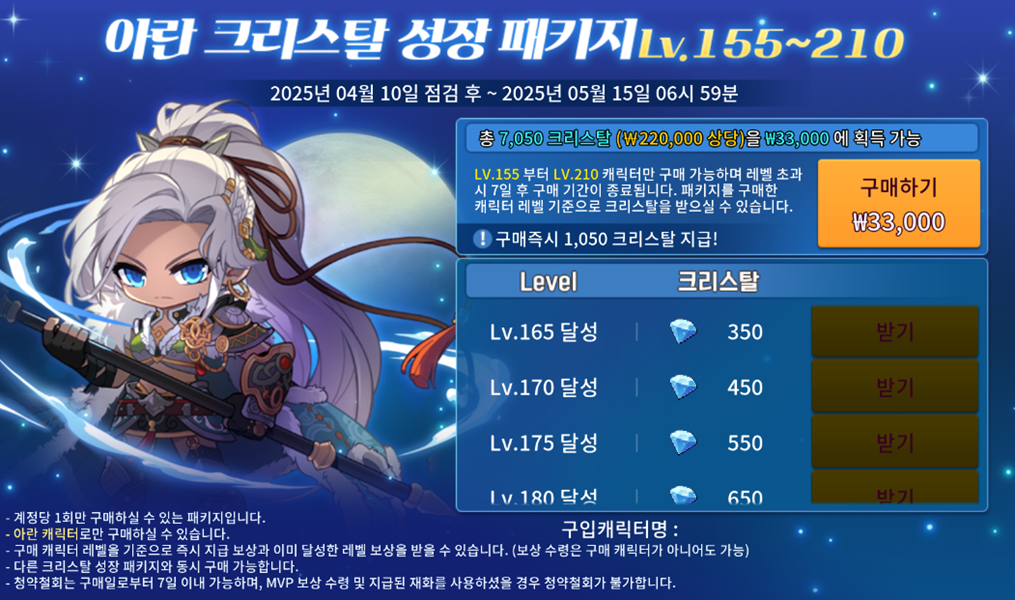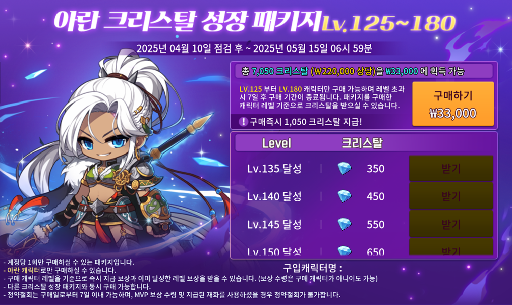 - 아란 리마스터와 함께, 업데이트 이후 아란의 기본 외형 및 기본 착용 장비가 변경됩니다.
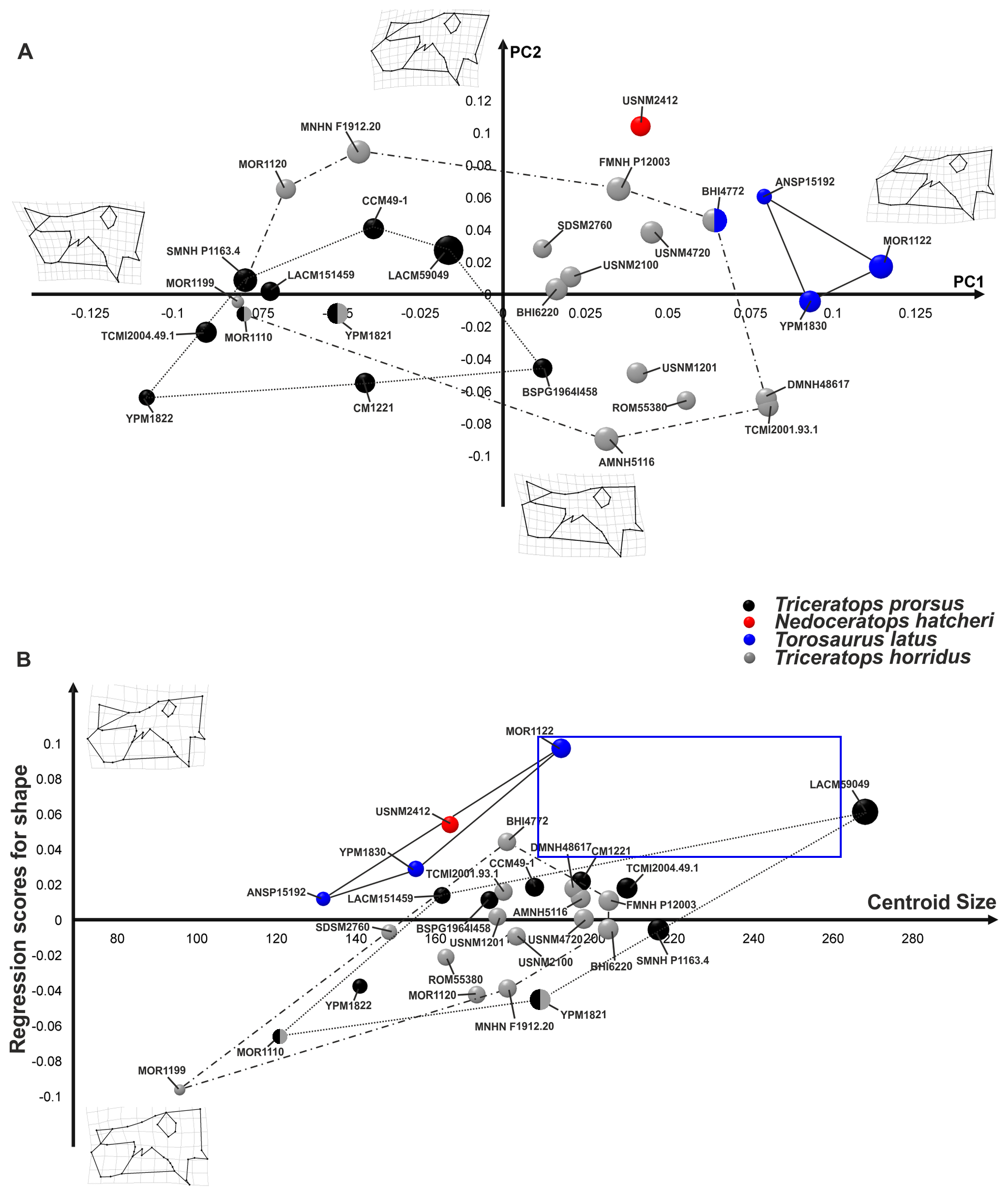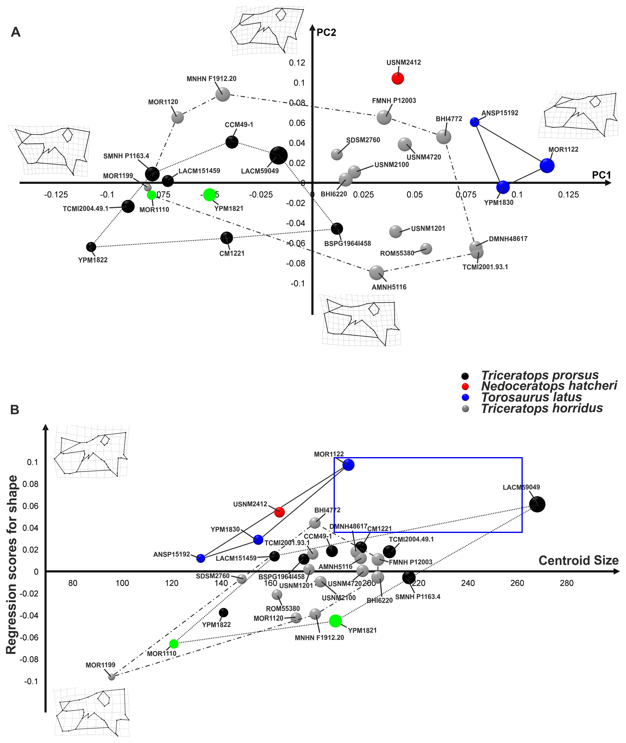 Wyniki analiz morfometrycznych Maiorino i in. (2013) (analiza głównych składowych [PCA] - czaszka bez kryzy. A: relacje między PC1 i PC2. B: zmiany morfologii w powiązaniu z rozmiarami (reprezentowanymi przez rozmiar centroida, rozmiar punktów proporcjonalny do rozmiarów centroida). Kolory punktów: niebieski: Torosaurus, szary: Triceratops horridus, czarny: Triceratops prorsus, zielony: Triceratops o niepewnej identyfikacji (zob. opis Triceratops), pomarańczowy - Nedoceratops. Niebieski prostokąt to miejsce, gdzie należałoby się spodziewać punktów Torosaurus jeśli jest synonimem Triceratops. Zmodyfikowano z Maiorino i in. (2013).
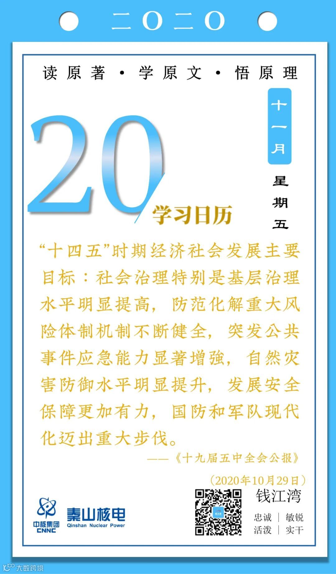 11月20日,秦山核电青年的《学习日历》
══════════
Only the lines between the one containing "Wyniki analiz morfometrycznych" and the last line of the listing above, both included, should be written out, exactly and without pictures.

▶ **SOLUTION FOR THIS TASK**
 Wyniki analiz morfometrycznych Maiorino i in. (2013) (analiza głównych składowych [PCA] - czaszka bez kryzy. A: relacje między PC1 i PC2. B: zmiany morfologii w powiązaniu z rozmiarami (reprezentowanymi przez rozmiar centroida, rozmiar punktów proporcjonalny do rozmiarów centroida). Kolory punktów: niebieski: Torosaurus, szary: Triceratops horridus, czarny: Triceratops prorsus, zielony: Triceratops o niepewnej identyfikacji (zob. opis Triceratops), pomarańczowy - Nedoceratops. Niebieski prostokąt to miejsce, gdzie należałoby się spodziewać punktów Torosaurus jeśli jest synonimem Triceratops. Zmodyfikowano z Maiorino i in. (2013).
 11月20日,秦山核电青年的《学习日历》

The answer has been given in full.